George Washington Papers

To George Washington from Jeremiah Olney, 14 December 1782

Garrison Saratoga 14th Decer 1782.


I have the Honor to Inclose your Excellency a Letter from Lieut. John M. Greene of my Regmt wherein he expresses a desire of leaving Service on account of his Indisposition, as this young Gentleman has greatly Impair’d his Health in the Service, and from a Conciousness off his merriting every Indulgence the public Can bestow, I am Induc’d to Interest myself in his behalf, and take the Liberty to Recommend him to your Excellency for leave to Retire on the provision made by an act of Congress the 19th Novr last—his Debilitated State (which I know has been his Situation for a year past) will I presume appear a Satisfactory Reason to your Excell’y and be off Sufficient weight to Intitle him to the previledge of Retiring upon the Emoliments granted to officers under Similar Circumstances. I have the Honor to be with Esteem Your Excellency’s very Obedt Hume Servt

Jereh Olney Lieut. Colo. Comd.

R. I. R.

DLC: Papers of George Washington.


Providence 4th Novr 1782

Respected Sir

Your letter by Major Olney I was duly honored with, and is now before me—Your letter to the Govr was read, in the Assembly, and they have ordered that the money some time since granted, shall be raised as soon as possible—to facilitate the payment of which, they have likewise directed that several confiscated Estates in Newport, shall be sold, and the monies arising from the sale, appropriated to the use of the Regt.

They have deputed a Committee to meet a delegation from the Regt for the purpose of settling Arrears &c.—I am Sorry it is not in my power to give you a just and accurate account of all the transactions of the assembly in their late Session—But am incapable of doing it from not having an opportunity of conversing with Major Olney after he had finished his business, but a few minutes—and my own indisposition at the time they sat would not permit me to go out—I have made shift to Hobble down to Mr Jno. Innes Clarke’s to procure what intelligence I have already related with respect to the Regt—Major Olney being out of Town, and I believe unacquainted with the present opportunity, made me more solicitous of giving you this intelligence as no doubt had he been here he would have wrote largely.

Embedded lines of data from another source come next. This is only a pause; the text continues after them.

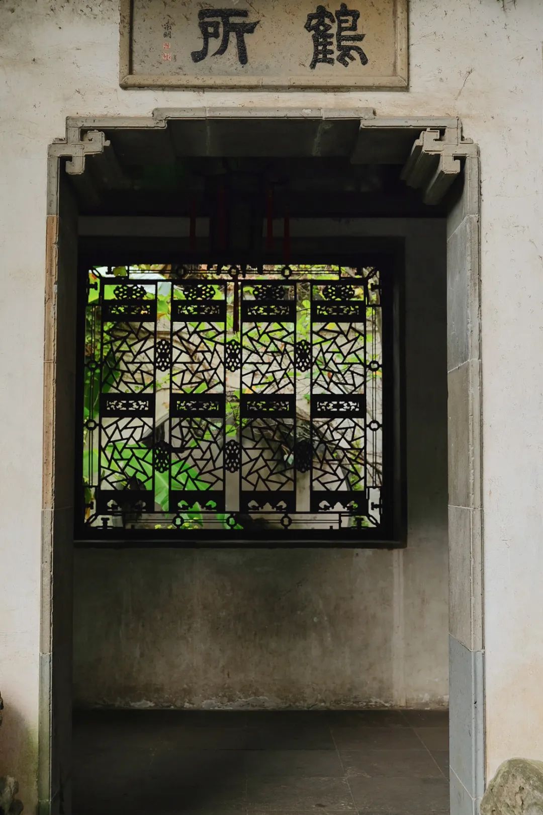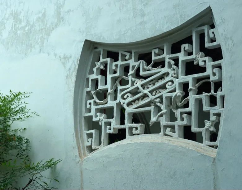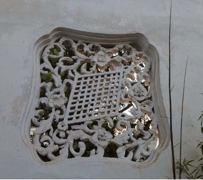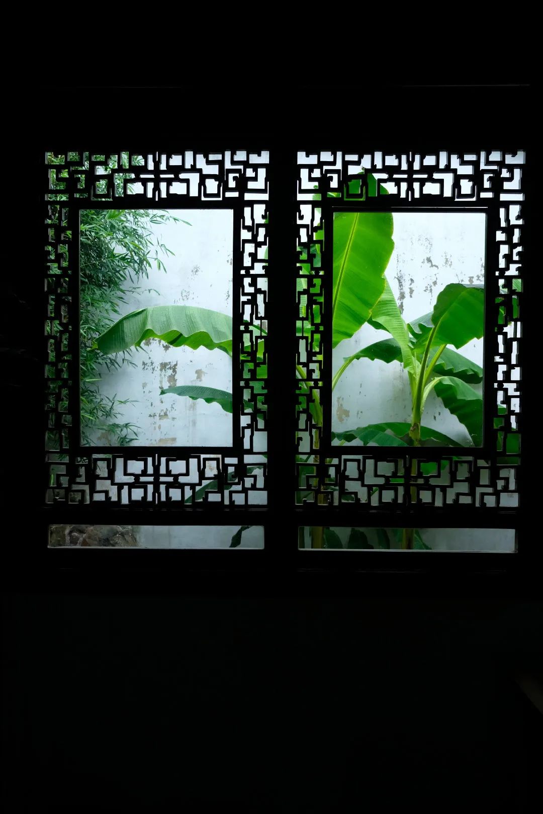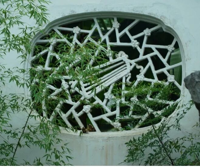 网师园殿春簃夔龙纹窗棂繁复中显古雅,中间嵌方框,又有简洁意。窗外辟小天井,立湖石,栽种芭蕉、翠竹。闲来看窗牖截取蕉、竹最为动人的意态,写入景框,也有欣赏明清小品的清趣。
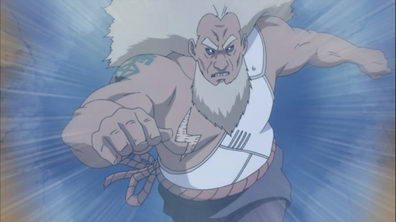 He tells the Earth people to make a large wall, to which they quickly do. Naruto is taken by Dodai when the Raikage goes for him. Dodai uses his justu to cover the side with his rubber to help prevent the Raikage from pushing through. The Raikage starts his destruction at one end and starts getting closer using his hand. He explains that he’s using his most lethal weapon, the piercing four-fingered thrust of hell!
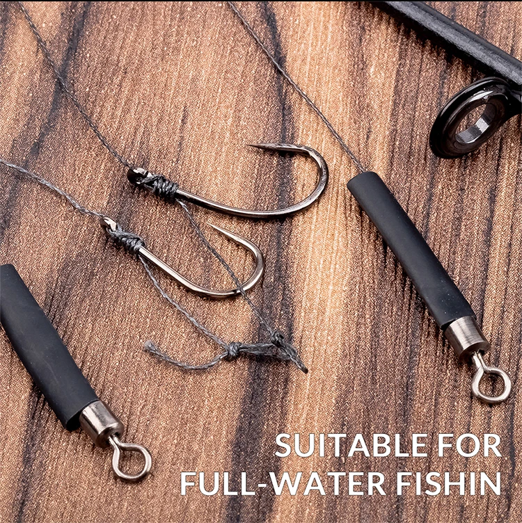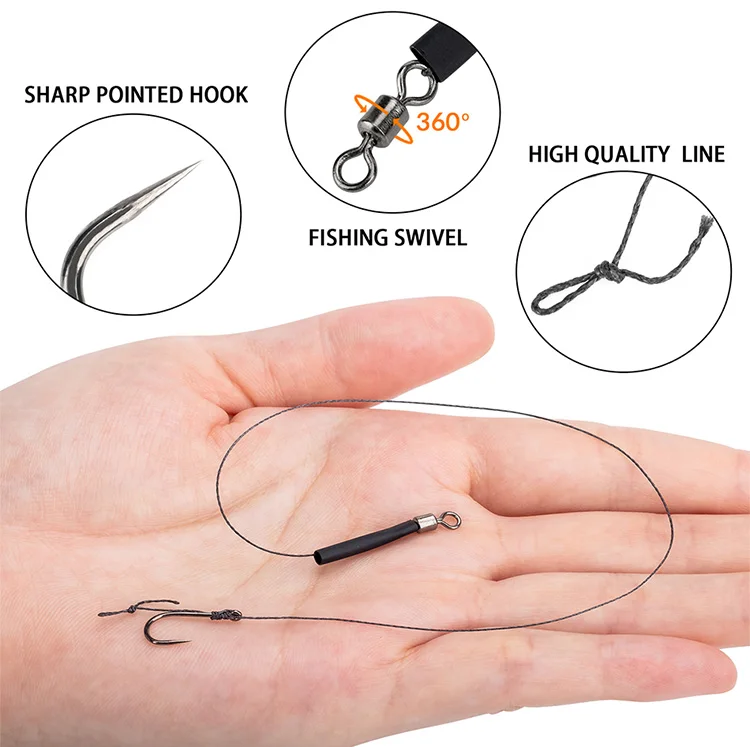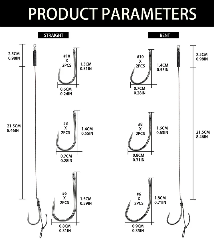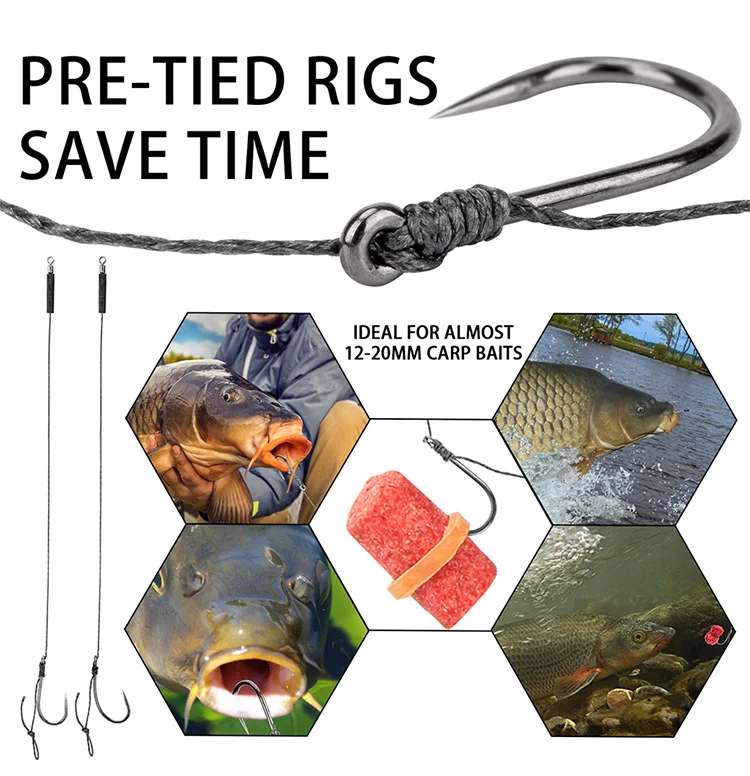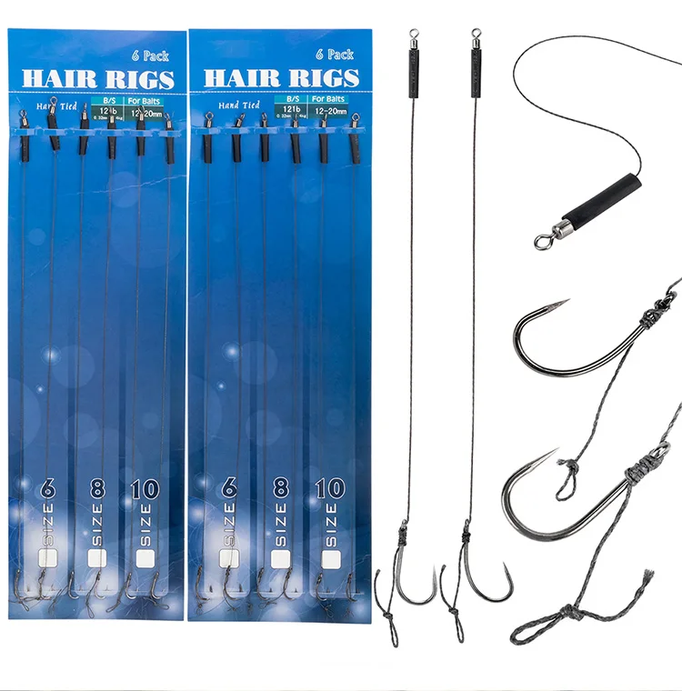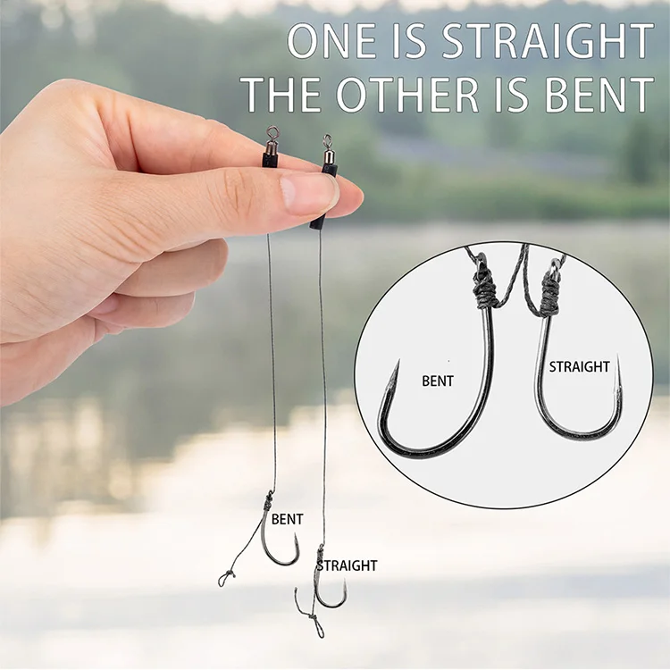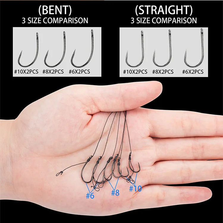 12 Uds. De aparejos alimentadores de método de pesca de carpa # 6 # 8 # 10 ganchos de carpa curvados rectos, línea de hilo trenzado sin ganchos de púas para crucian
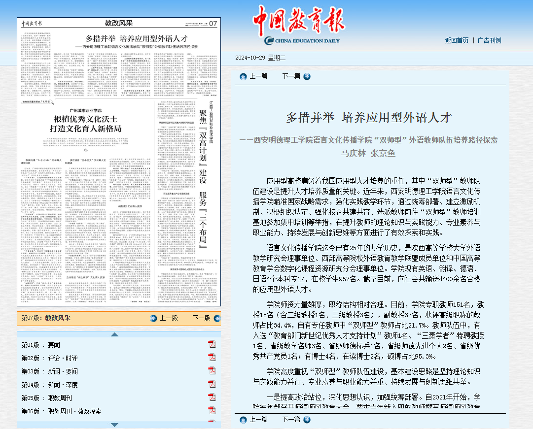 教育大计,教师为本。“双师型”教师队伍建设是提升人才培养质量的关键。瞄准国家战略需求,立足应用型办学定位,语言文化传播学院多措并举,培养造就新时代高水平教师队伍,积极推动“双师型”教师队伍建设,强化实践教学,提升应用型人才培养质量。10月29日,《中国教育报》对beat365语言文化传播学院“双师型”教师队伍建设的探索实践进行了报道,引起广泛关注。
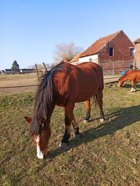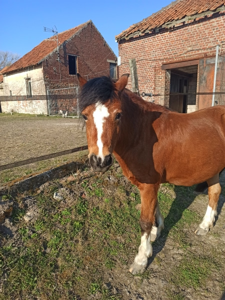 | Dire merci | Hello tout le monde ! Depuis le temps, un petit post de présentation de ma troupe me paraît judicieux. Vous allez vite voir que : 1. Je suis nase en photos 2. Je suis mal équipé en plus. 3. J’en prends rarement. Mais bon, j’ai envie de vous parler de ma troupe, et aussi de tenir un journal en quelque sorte vue que ma (notre, avec ma mère) spécialité est de récupérer des laissées pour compte, des moches, des vieux, des cassés. Ça vaut son pesant de cacahuètes en matière de prise de tête et de galères, mais aussi de grandes joies. Bref, la suite au post suivant. C’est qu’il y a du monde quand même ! Comme je vais détailler pas mal, je résumé ici ma clique : Neigeoux, Linda et Chicco : Trois poneys retraités dont le boulot est d’avoir la belle vie. Arrivés dans ma vie en 2001, 2013 et 2014, et nés en 1986, 1993 et 1979 (ou 80). Mon formidable Neigeoux nous a quittés le 22/06/2022, et mon gentil Chicco le 5/12/2023. Linda a rejoint Coco le 14/01/25 V.Ron : le belge, paint horse gentil neuneu, de 2007, pré-retraite pour arthrose des jarrets, fait de la balade de temps en temps. Arrivé le 20 novembre 2015 Cawr : le gallois, poney Welsh Cob ultra flippé, de 2009. Majoritairement du travail à pied. Arrivé le 1er avril 2014 Baron : le bulgare, poney D ONC, de 2007, très gentil sous la selle, très spécial à pied. Le seul vraiment au travail qui ne soit ni un retraité, ni un sauvetage. Arrivé le 1er novembre 2016 Grimm : Arrivé le 15 avril 2019, soit pile poil le jour de ses 3 ans (né en 2016). Welsh B qui a tout à apprendre encore (photos en page 21) Brigand : 28 ans, pas à moi mais à une amie, compagnon de longue date (21 ans de vie commune !) à la retraite chez moi. (Mon gentil Bibi nous a quitté le 11/09/19) Message édité le 26/04/25 à 19:03 |
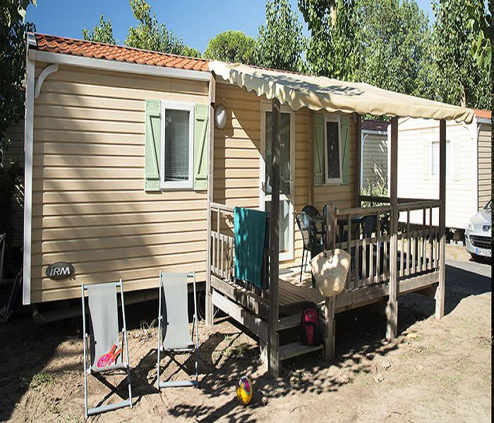 Mobil home de 28m² de 3 pièces pouvant accueillir 6 personnes.Il est composé d'un séjour transformable en couchage pour deux personnes, d'un coin cuisine, d'une chambre avec 1 lit double (140cm), d'une chambre avec 2 lits simples (80cm) jointifs et d'une salle de bain avec douche et toilettes séparés.
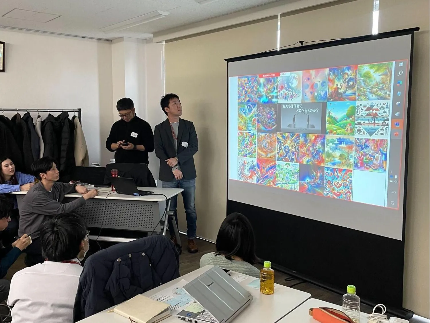 続いて、ワークで導き出されたキーワードをもとに生成AIを活用し、“自分の理想の未来像”をビジュアル化する体験を実施。言葉だけでは表現しきれないビジョンや感覚を、画像という新たな表現手段で描き出すことで、さらに自己理解が深まっていく時間となりました。
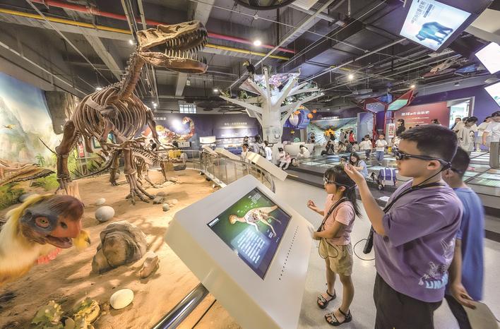 7月17日,武漢科技館游客絡繹不絕。暑假期間,許多家長帶著孩子來此參觀,通過虛擬現實設備,小朋友可以穿越到侏羅紀世界與恐龍親密接觸,或伸手喚醒展示的生物模型,沉浸式的科普體驗讓孩子們流連忘返。楚天都市報極目新聞記者李輝 通訊員譚琛攝
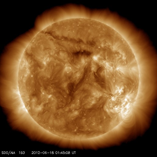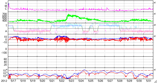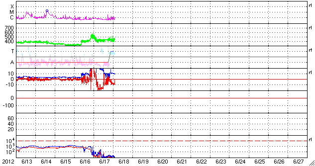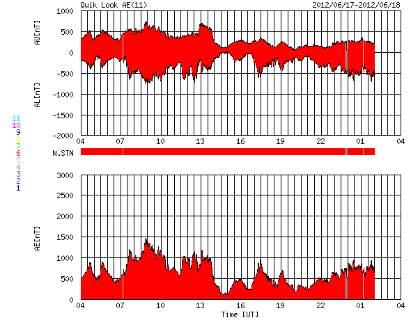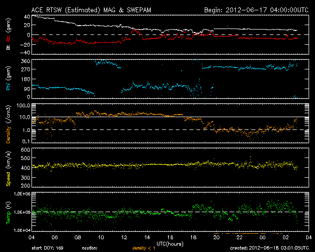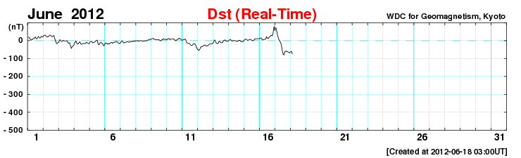 2012/ 6/18 12:01 更新 太陽風の磁場が大きく南向きに振れて、磁気圏の活動が活発になりました。 担当 篠原 太陽風の乱れは、ゆっくりと終息に向かっています。 昨夜あたりに、14日のCMEによる太陽風の乱れが 到来するのではないかと考えていましたが、 はっきり分かるような変化は起こりませんでした。 その前の乱れと一体化してしまった様です。 現在の太陽風は、 速度は420km/秒と平均レベルで昨日から安定しています。 磁場強度は、昨日の40nTからは大きく下がり、10nTになりました。 それでも通常よりも強まった状態です。 そして、磁場の南北成分が、昨日のニュース以降南向きに大きく振れ、 最大で-20nT近い強まりが長時間続きました。 このため、磁気圏の活動は大きく強まり、 AE指数のグラフは1000〜1500nTに達する変化が記録されています。 また、Dst指数は、その前の強まりから見ると、-100nTを超える減少幅になっています。 中規模の磁気嵐になっている様です。 Spaceweather.comでは、ニュージーランドのオーロラの様子が紹介されています。 太陽風磁場の南向きは、現在も-8nTくらいの状態が続いています。 磁気圏の活動ももうしばらく続きそうです。 CMEによる太陽風の乱れは、終わりに近づいています。 この後、磁場強度も次第に弱まって行くでしょう。 太陽は、1504黒点群でCクラスの小規模フレアの発生が続いています。 18日2時半(世界時17日17時半)のC3.9を最大として、 この他にC1〜2程度のフレアを何度も起こしています。 活動度が上がってきたのでしょうか。 この後も注目してください。 ![]() Dst指数(速報値)は、-100nTを超える減少を記録しています。Dst指数の変化は、マイナス方向に強まります。 (c) 京都大学WDC ![]() SDO衛星のAIA193カメラによる太陽コロナの様子 (c) SDO (NASA) ![]() SDO衛星による太陽の可視光写真。マウスの矢印を写真に重ねると、黒点番号付きの写真に切り替わります。 (c) SDO (NASA) ![]() ACEが観測した太陽風の磁場(1番上の枠、白線は全体の強度、赤線は南北成分) および、太陽風の密度(3番目の橙線)、速度(4番目の黄線) (c) NOAA/SWPC ![]() リアルタイムAE指数 下段のAEグラフの値が高くなると、オーロラ活動が活発化しています。 (c) 京都大学, NICT ![]() 27日の太陽周期に合わせたデータプロット 太陽が同じ面を地球に向けていた27日前の変化から、今後を予想することができます。 (c) 作図:宇宙天気ニュース
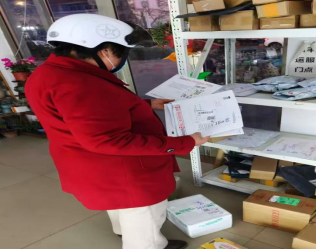 康二村儿童主任门丽君领取新疆发过来的快件
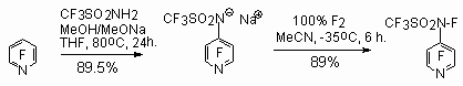 It is better to fluorinate sulfonamide derivatives in the form of corresponding salts. Thus, the fluorination of sodium salt of perfluoro N-(4-pyridyl)methanesulfoamide using elemental fluorine results in formation of N-fluoro-N-(4-pyridyl)methanesulfoamide [91,140].
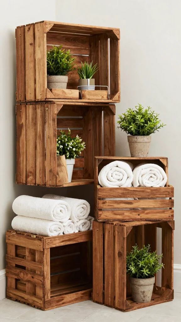 Vintage wooden crates prove that storage can be stylish; no pricey cabinets needed. Stack or hang them to create bathroom decor shelves that hold rolled towels and essentials, all while adding rustic charm. Budget-friendly, practical, and totally share-worthy.
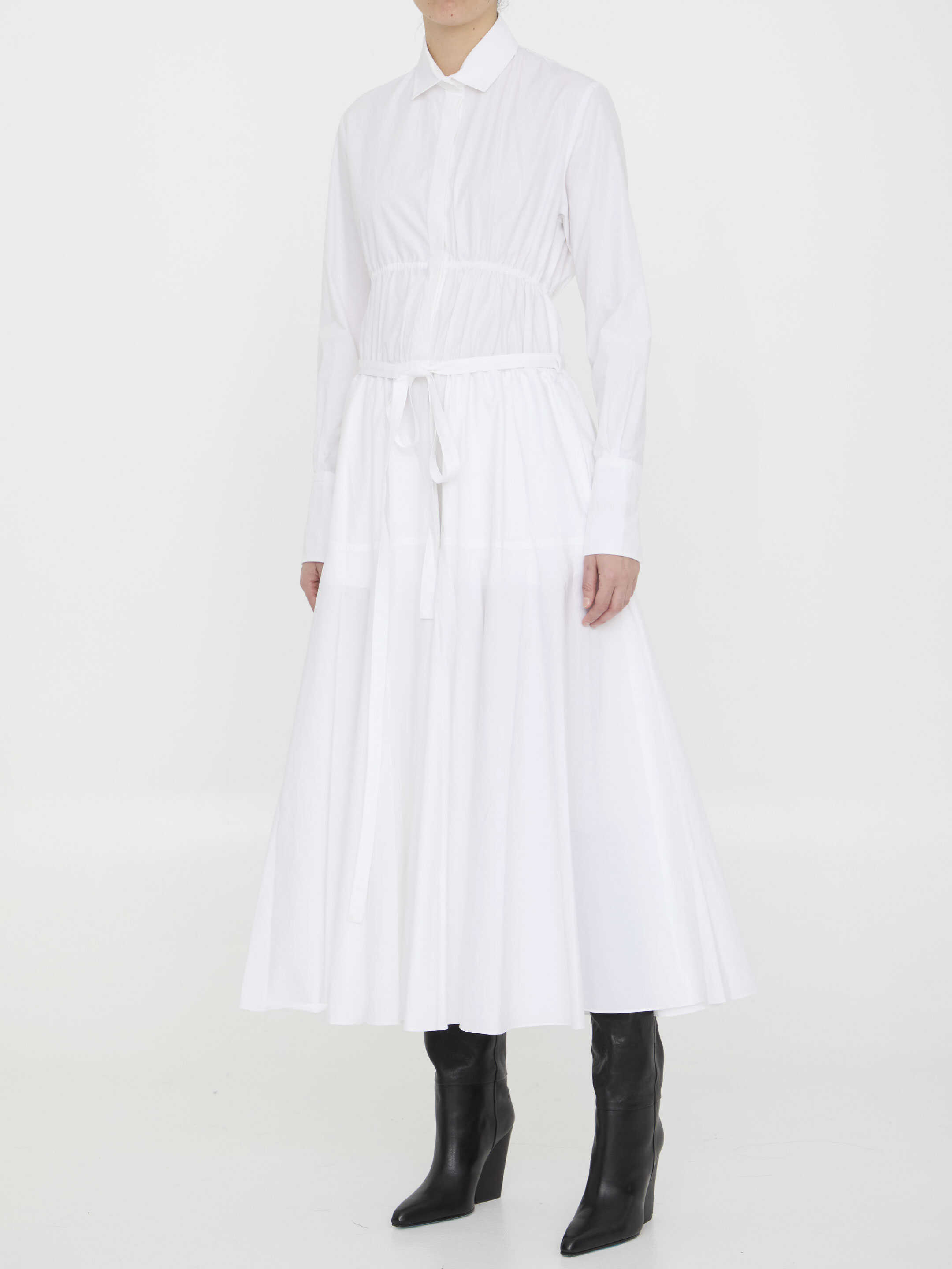Shirt dress in white cotton. It features classic collar, front button closure, elasticated waist, laces at waist and buttoned cuffs. Flounced design. Regular fit.
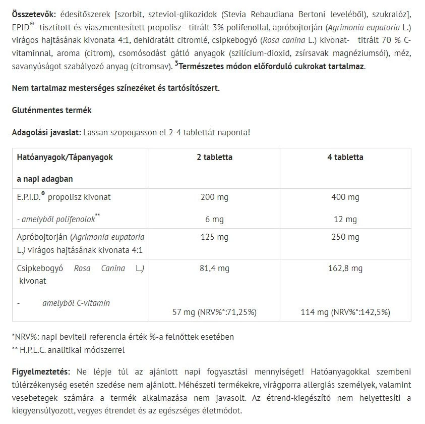 - Hlavní složky: Propolis a vitamín C,známé pro svůj přirozený původ.
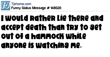 X says I would rather lie there and accept death than try to get out of a hammock while anyone is watching me.
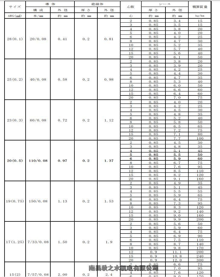 电缆导体是0.08mm极细铜线,电缆细径化。

Previous to the arrival of Maj. Olney, I wrote you by Mr Dailey—(I think) the date I have forgot, as I had not time to take a Copy—in that, I acquainted you that I was at that time incapable of going out—owing to a cold settling in my limbs—since that, I have been confined the greatest part of the time—& when out, scarcely able to walk across the way—My Physician pronounces it to be the Rheumatism—and advises me to retire from the Service as it not only renders me unfit for military Duty—but the Hardships and Fatigues incident to the Life of a Soldier must naturally enervate & confirm it. To be obliged to request a dismission from the Army contrary to the established custom, is to me very irksome, but I hope the circumstances under which I at present labour will excuse me—as I am really so much debilitated in my limbs as would make it impracticable for me to join—I have not Sir, taken this Step without seriously deliberating on the moment of it—after serving in a Regt that I loved—and with it, as an individual, sharing the hardships to which it was opposed—to be obliged in consequence of those hardships to request a discharge—is a circumstance that affords me many painful sensations—but when I consider the situation of my health which, from it’s being peculiar, I’m induced from motives of justice to the Service & Regt, & regard for myself, to beg you would use your influence with the Commander in Chief to procure me a discharge—To the public I am not indebted, as your knowledge of the matter & the Pay Master’s Books will evince—The money which you left in my hands has been paid except for one or two persons whom I cannot find—The circumstance of my not being able to join, will, I presume to hope, induce his Excellency to dispence with the common mode, observed in the resignation of Officers—at the same time I must declare upon the credit of a Soldier, that if I could make personal application I would do it with chearfulness, rather than appear desirous of having an uncommon degree of indulgence shewn me.

If you would be pleased to Consider the motives of my retiring & use your interest (in promoting my wishes), in soliciting his Excellency in my behalf—I shall esteem the obligation by which I am bound, greatly ener[gized] and strengthened. I have the honor to be very respectfully—Sir, Your obedient and humble Servant

J.M. Green

P.S.—By the paper which accompanies this you will see that the Impost was ejected Nernine Contradicente—Whether vanity had not some small shape in the ejection I will not presume to say.